The dataset is divided into two primary folders: Code and Data. Further details are given below.
OVERVIEW
Codes
- Create_Radar_Input: written in Python.
- Model_v6_SP: written in Python.
- RadarDataMissingCode: written in Python.
- Stage_and_Gauge_data_Pre_Processing: written in Python.
Data
- Radar: Dual Polarization S-band Doppler weather radar (SPOL); Quantitative precipitation estimation (QPE) is generated every 5 minutes during rain (operational mode); estimated rainfall is summed over 10-minute intervals. When it isn't raining, the SPOL radar runs every 15 minutes in surveillance mode. Source: São Paulo Flood Alert System (Sistema de Alerta a Inundações de São Paulo - SAISP).

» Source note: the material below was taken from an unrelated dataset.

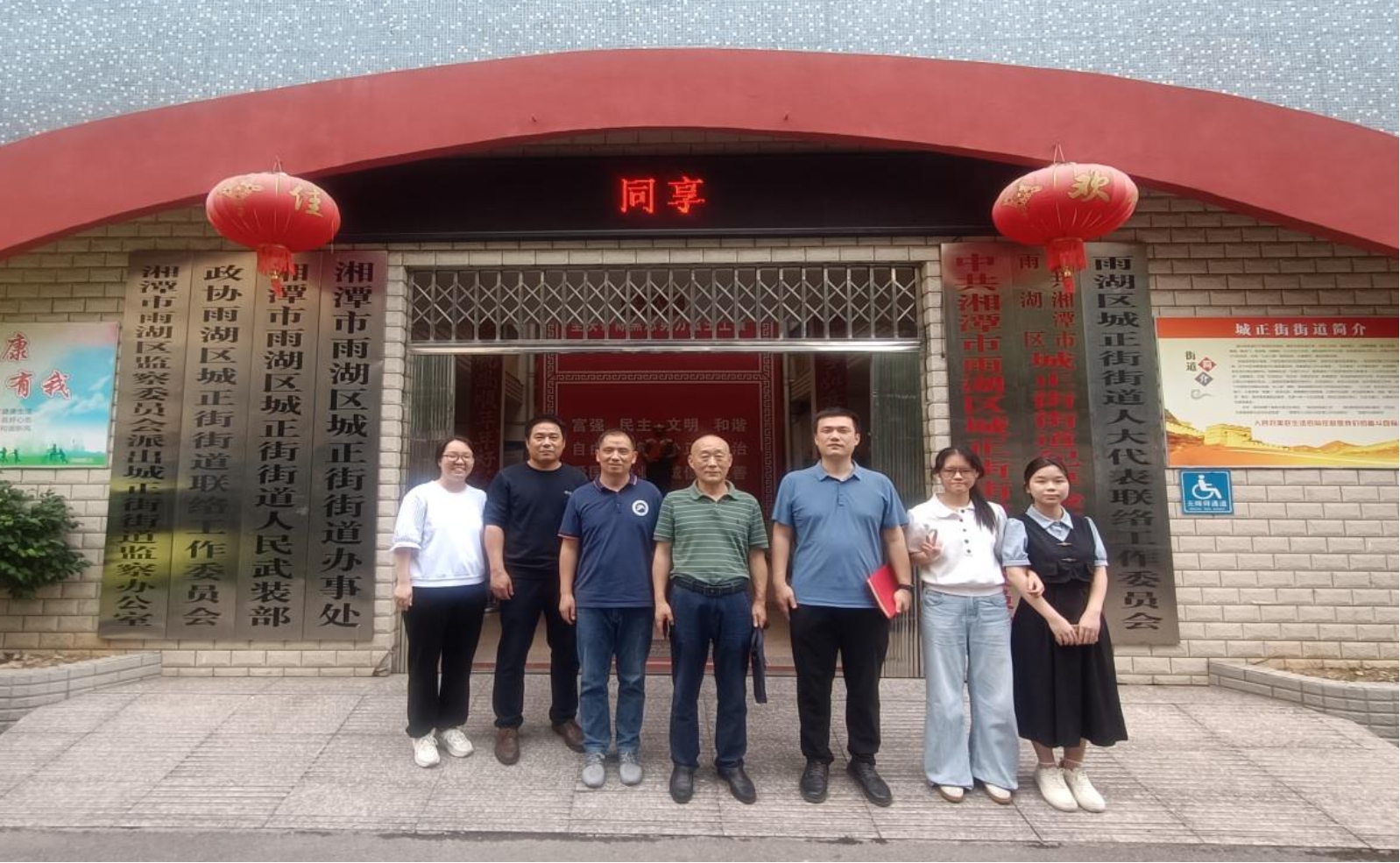 ▲检查小组成员与实习学生在雨湖区城正街街道办门口合影

- SHP: rainfall gauge stations (point), station 413 - stage (point), radar location (point) and coverage (polygon), Tamanduateí River (line), supplementary hydrography - tributaries (line), and Tamanduateí River Watershed (polygon). Coordinate Reference System (CRS): EPSG 31983 - SIRGAS 2000 / UTM zone 23S.
- Telemetric_Time_Series: raw rainfall and stage; collected at 10-minute intervals. Source: São Paulo Flood Alert System (Sistema de Alerta a Inundações de São Paulo - SAISP).
- RainGauges: rainfall and stage from 04/01/2015 to 03/29/2025; collected at 10-minute intervals.
DETAILED DESCRIPTION
1 Folder: Code
This folder includes four different codes for data processing.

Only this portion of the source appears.